Any failure of any element of any data operation on any of those servers effectively requires that the entire transaction must be canceled and rolled back safely. That’s hard enough when you’re talking about a single piece of software running on a single server. It’s far worse when multiple pieces of software running on multiple servers are processing their individual bits of the transaction and have to be notified, stopped, rolled back, etc. And similarly, even if the transaction succeeds, the overall system has to deal with making sure all those different operations are both correct and durable regardless of which server(s) executed them.
As a matter of practice, ACID compliance with distributed transactions is very difficult to achieve but is doable, at least with some vendors. For example, Fauna
is able to provide strictly serializable, externally consistent transactions because of its architecture and data storage algorithms.
And unlike other systems, Fauna does not require strict, physical clock synchronization across all servers to provide consistency, which avoids the usual limitations on distance between replica servers and is thus practical for deployment around the world at typical, global Internet latencies. Approaches that do require synchronization can result in failures when systems’ clocks or network traffic differs by a matter of milliseconds, whereas Fauna’s more relaxed requirements don’t suffer from such problems. This is possible because Fauna offers a transaction engine inspired by Calvin, an approach to achieving fast distributed transactions across partitioned database systems
. The Fauna transaction engine makes it possible to achieve ”consistency without clocks” courtesy of its distributed transaction protocol
. In effect, Fauna decides in advance in what order transactions should be executed prior to any database writes. The Fauna execution engine then processes them in such a way that the final result is the same as if they’d been processed one at a time in that order.

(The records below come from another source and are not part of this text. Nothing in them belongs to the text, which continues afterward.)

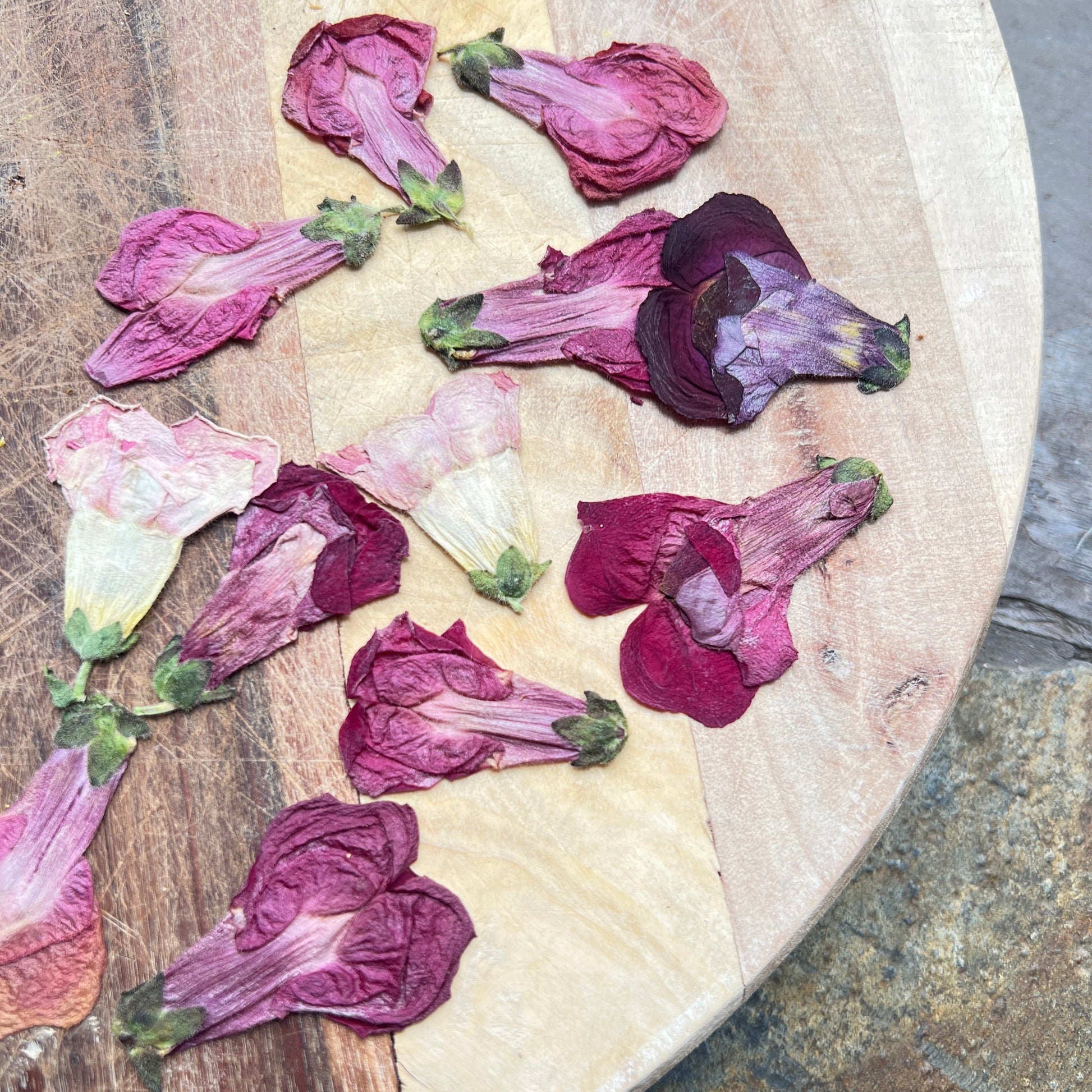 Freshly picked and pressed edible flowers from our field. Grown sustainably in peat free soil. Lovely for decoration on cakes and plates. Our pressed snapdragons are vacuum packed straight after they come out of the press so we cannot offer bespoke colour palettes here but if you have a project in mind that you would like us to press a particular palette for, please get in touch. They are grown in yellows and oranges.
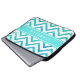 Proteja seu laptop com estilo com esta manga moderna chique. Design apresenta um padrão bonito aqua teal azul-d'água chevron zig-zag, faixa de turquesa e seu nome ou outro texto personalizado em uma simples fonte de tipografia branca. Este elegante e moderno caso de computador faz um presente de na moda para ela.
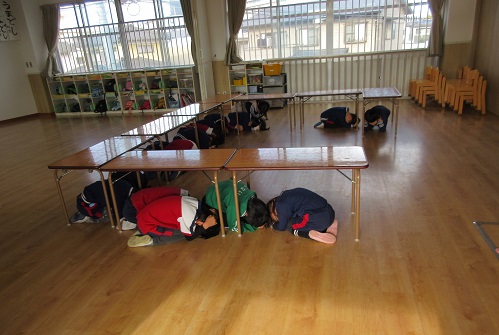 机の下や布団に入って頭を守ることが

In effect, you get all the speed and power of distributed transactions executing in parallel on multiple servers yet enjoy all the data-goodness of ACID compliance as if they’d been executed serially on a single server.
Call to Action
To be clear, Fauna is not the usual hosted “database as a service” (DBaaS)
or even some clustered cloud offering, both of which require management. Rather, Fauna is a true “Data API”, meaning developers can simply make calls as needed without any time spent worrying about provisioning or scale, with all the benefits of ACID compliance along the way.
Because of the way Fauna handles distributed transactions, users can avoid the sort of data anomalies that can occur with other systems
. Immortal writes, stale reads, causal reverse, and other such problems can be prevented via strictly serializable multi-region transactions that don't limit the number of keys, documents, or partitions.
And because Fauna is free of all the usual provisioning and configuration headaches, it’s available instantly as a serverless utility. Developers need only an account to get started, which costs nothing and offers a generous starting allowance.
Fauna is also Jepsen tested and approved
, being proven “…architecturally sound, correctly implemented, and ready for enterprise workloads in the cloud.” That means you can trust Fauna to be reliable, correct in its operations, and self-maintaining without the need for provisioning, regular maintenance, etc.
In this article, we’ve explained what ACID compliance means, illustrated the value it brings for common use cases, discussed how the modern need for distributed transactions complicates the picture and offered some specific advice for an easy path to ACID compliance. Fauna is a modern, Data API that provides relational capabilities and ACID properties without the usual limitations or headaches.